RECORDED INFORMATION:
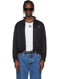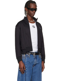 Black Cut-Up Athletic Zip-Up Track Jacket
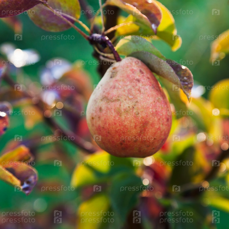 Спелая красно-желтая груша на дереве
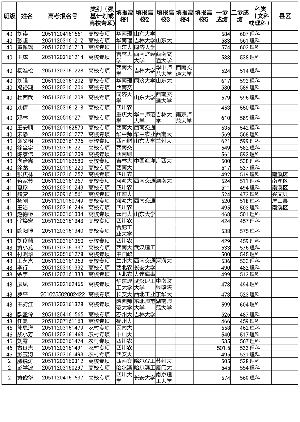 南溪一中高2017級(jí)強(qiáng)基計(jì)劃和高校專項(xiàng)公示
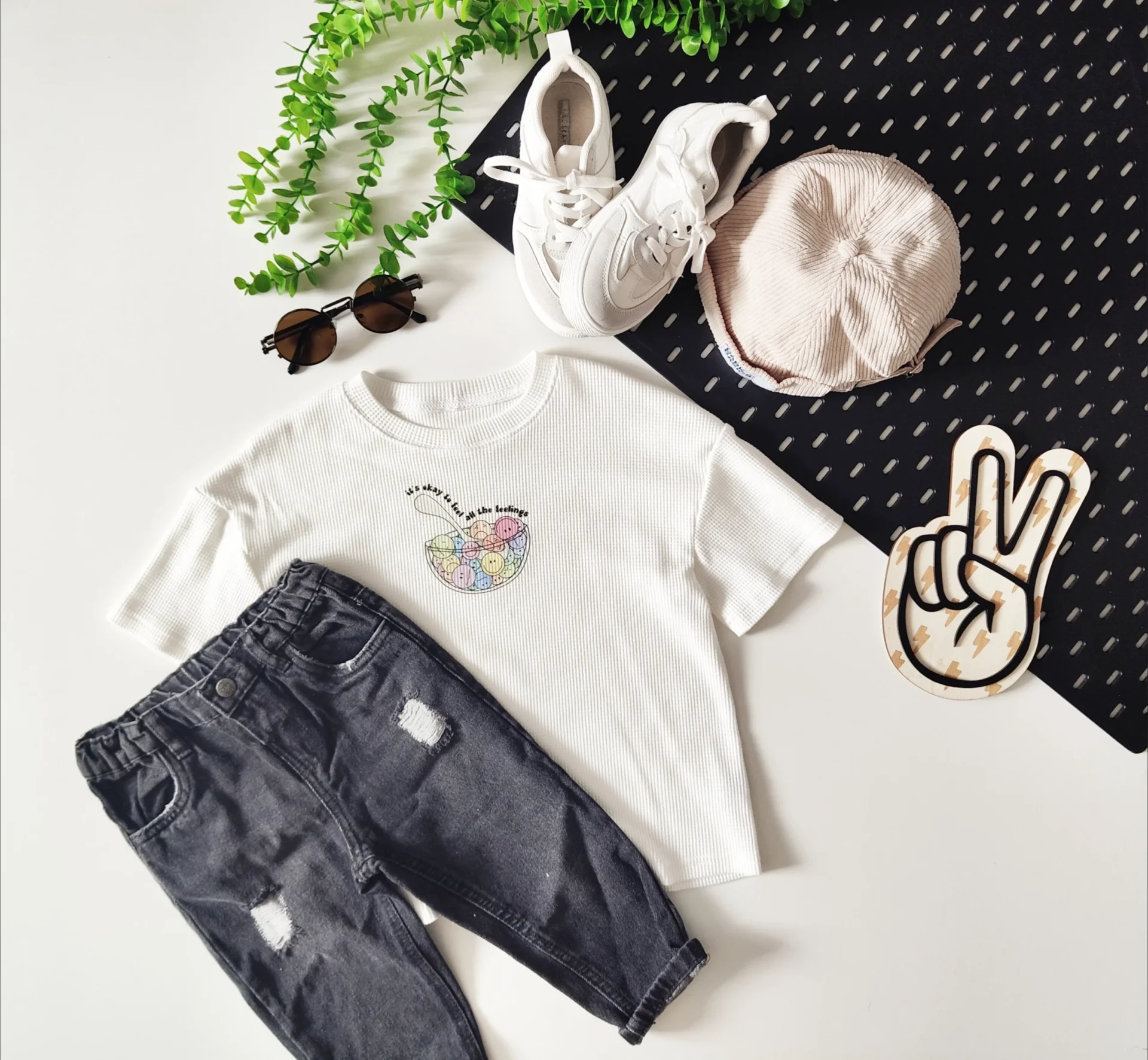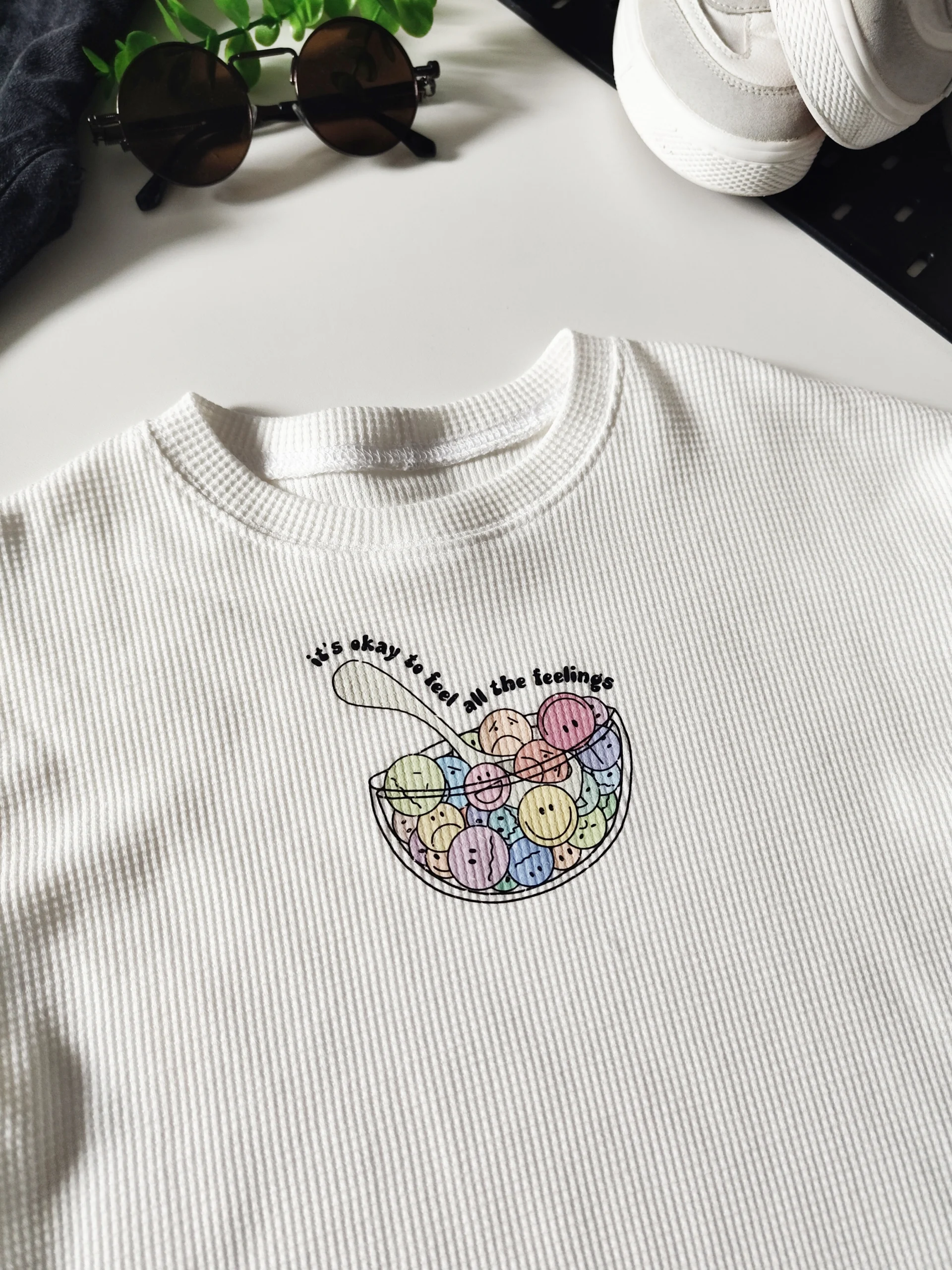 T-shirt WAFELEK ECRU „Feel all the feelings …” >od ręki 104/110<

--

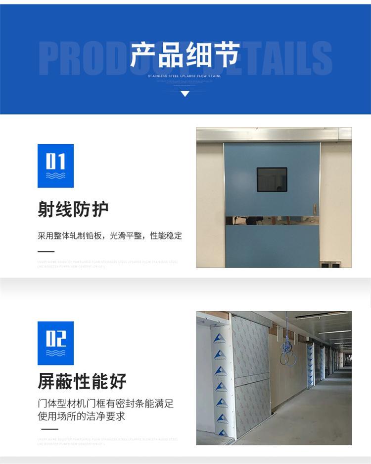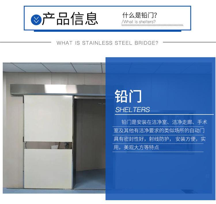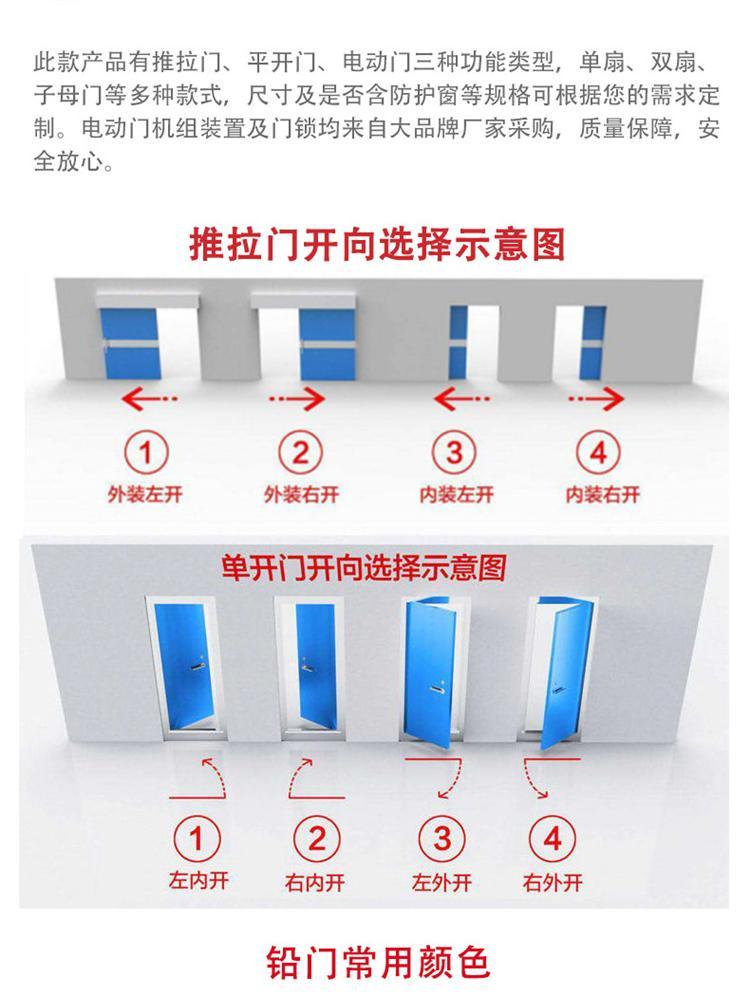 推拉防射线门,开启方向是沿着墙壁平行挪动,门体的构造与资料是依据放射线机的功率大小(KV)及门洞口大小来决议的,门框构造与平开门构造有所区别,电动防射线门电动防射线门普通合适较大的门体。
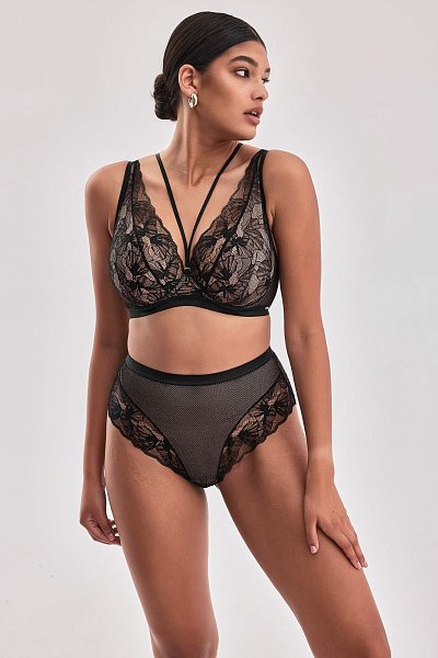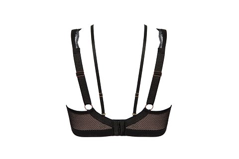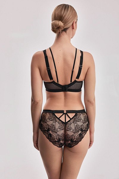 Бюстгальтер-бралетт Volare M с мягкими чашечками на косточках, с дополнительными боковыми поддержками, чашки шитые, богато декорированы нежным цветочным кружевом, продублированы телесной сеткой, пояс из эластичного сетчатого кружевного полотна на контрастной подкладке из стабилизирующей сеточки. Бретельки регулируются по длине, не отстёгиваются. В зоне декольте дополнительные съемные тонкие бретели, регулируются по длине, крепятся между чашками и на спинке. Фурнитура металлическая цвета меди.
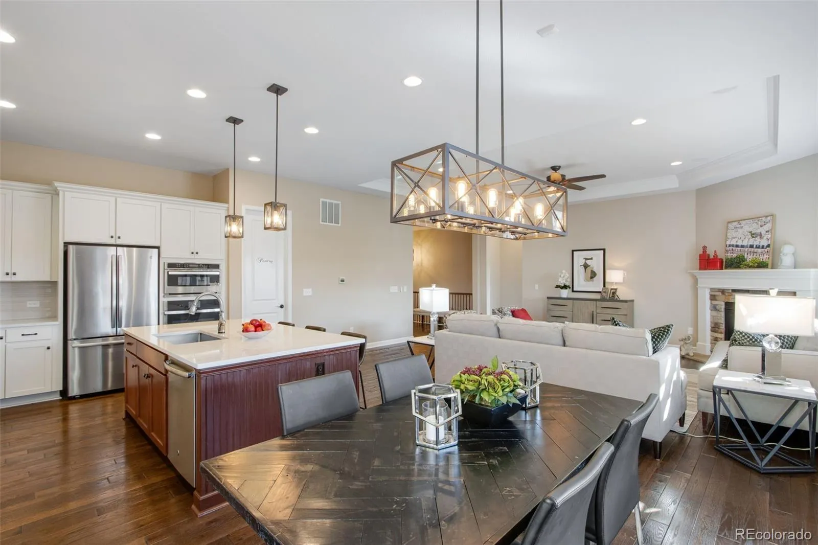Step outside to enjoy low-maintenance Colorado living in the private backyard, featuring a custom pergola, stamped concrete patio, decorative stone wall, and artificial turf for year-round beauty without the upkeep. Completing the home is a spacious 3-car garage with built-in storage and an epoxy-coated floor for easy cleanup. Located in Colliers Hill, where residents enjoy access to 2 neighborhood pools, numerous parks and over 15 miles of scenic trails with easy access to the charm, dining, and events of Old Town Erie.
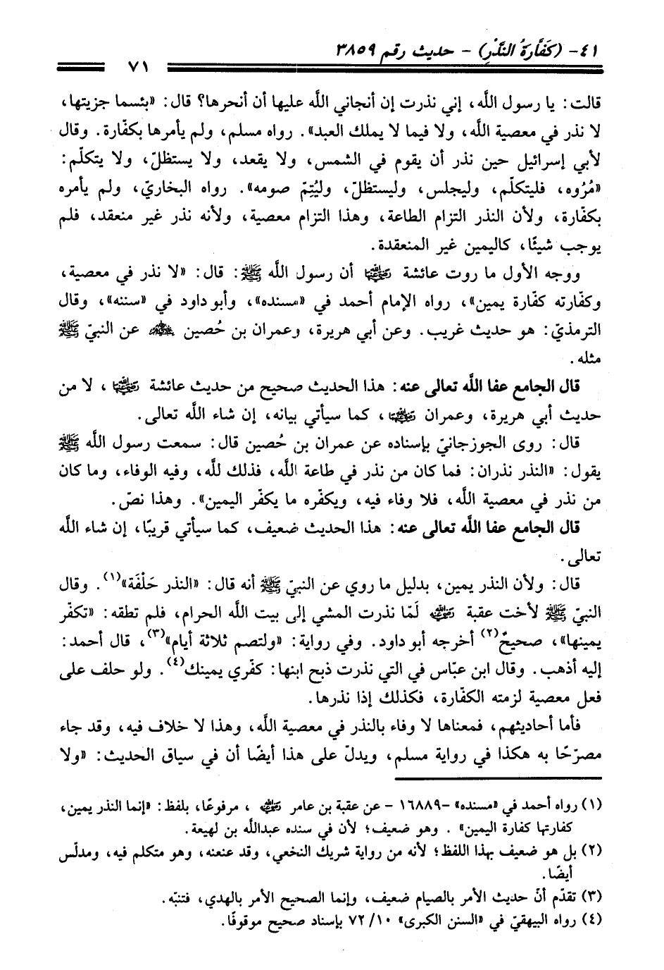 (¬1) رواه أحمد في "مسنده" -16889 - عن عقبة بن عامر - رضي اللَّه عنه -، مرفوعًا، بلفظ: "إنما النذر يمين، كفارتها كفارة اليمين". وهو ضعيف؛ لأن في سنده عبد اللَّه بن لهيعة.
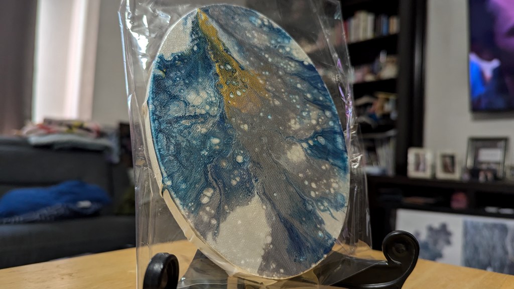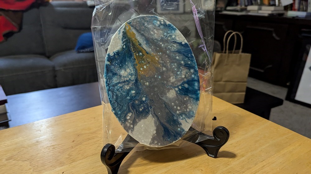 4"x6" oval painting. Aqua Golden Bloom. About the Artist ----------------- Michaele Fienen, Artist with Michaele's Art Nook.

* * *

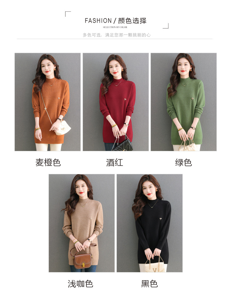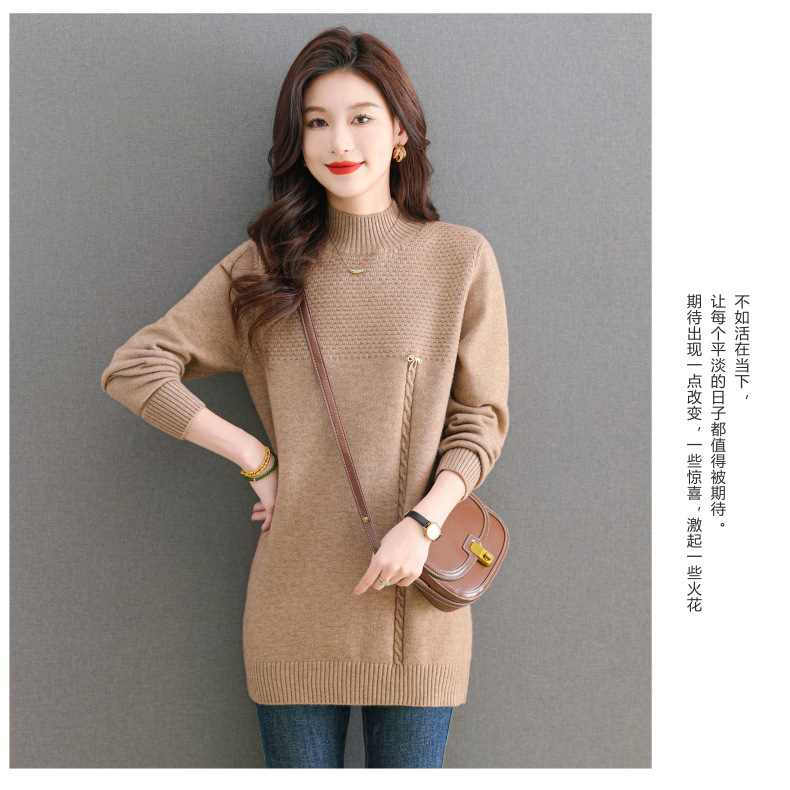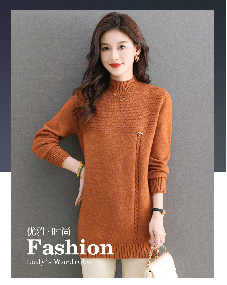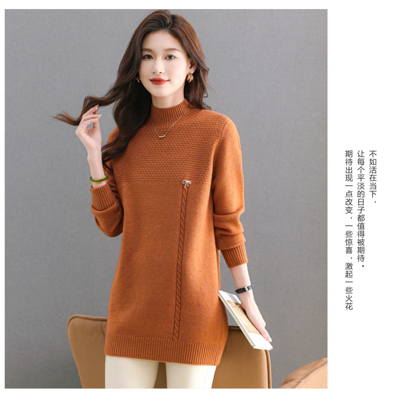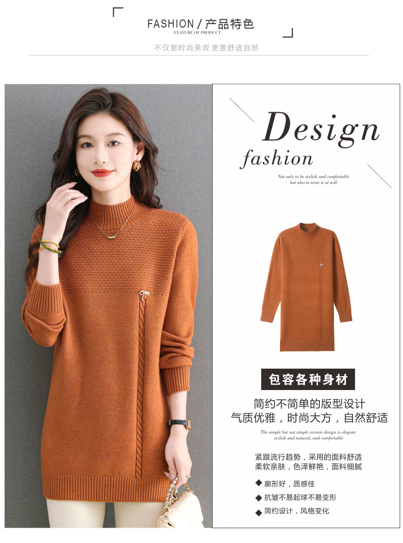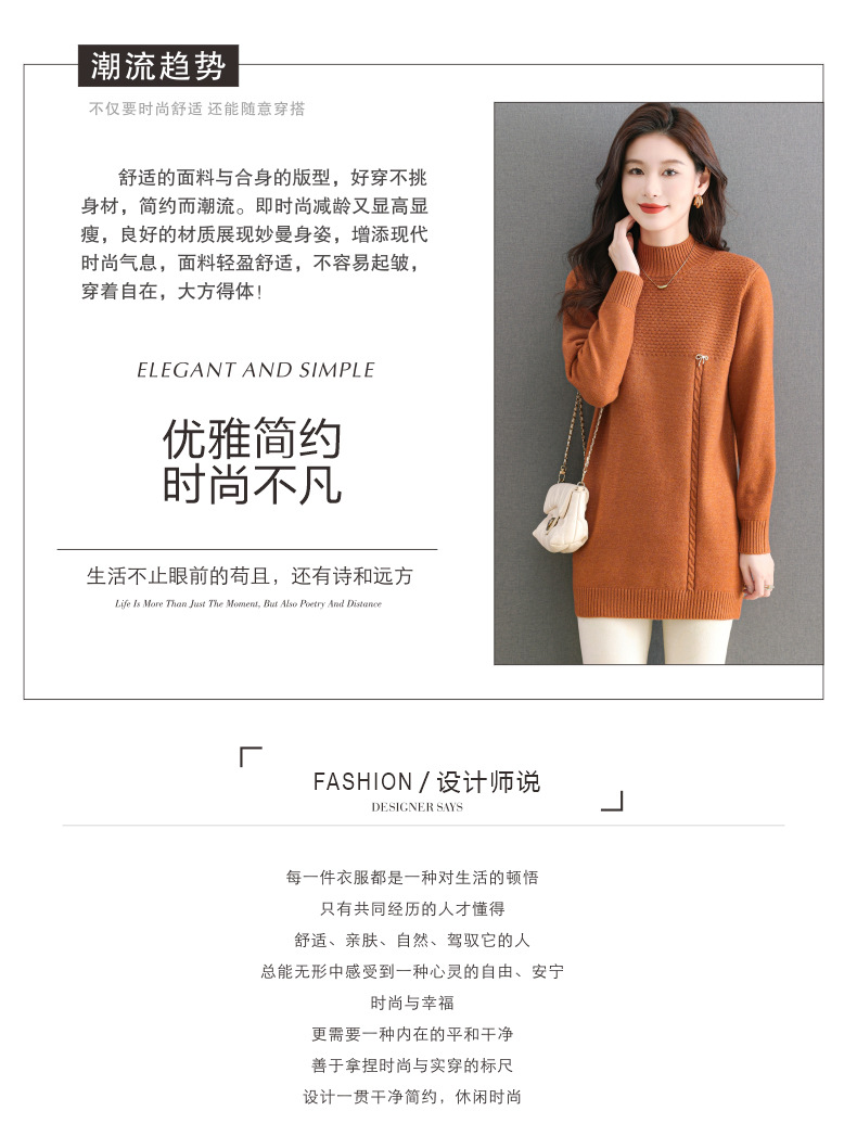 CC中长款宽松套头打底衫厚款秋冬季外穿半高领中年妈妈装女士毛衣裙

EXERCISE:
Look above for the line with "Black Cut-Up Athletic Zip-Up Track Jacket" and the line with "T-shirt WAFELEK ECRU". Give again exactly those two lines and all lines between them, pictures excluded.

FINAL ANSWER:
 Black Cut-Up Athletic Zip-Up Track Jacket
 Спелая красно-желтая груша на дереве
 南溪一中高2017級(jí)強(qiáng)基計(jì)劃和高校專項(xiàng)公示
 T-shirt WAFELEK ECRU „Feel all the feelings …” >od ręki 104/110<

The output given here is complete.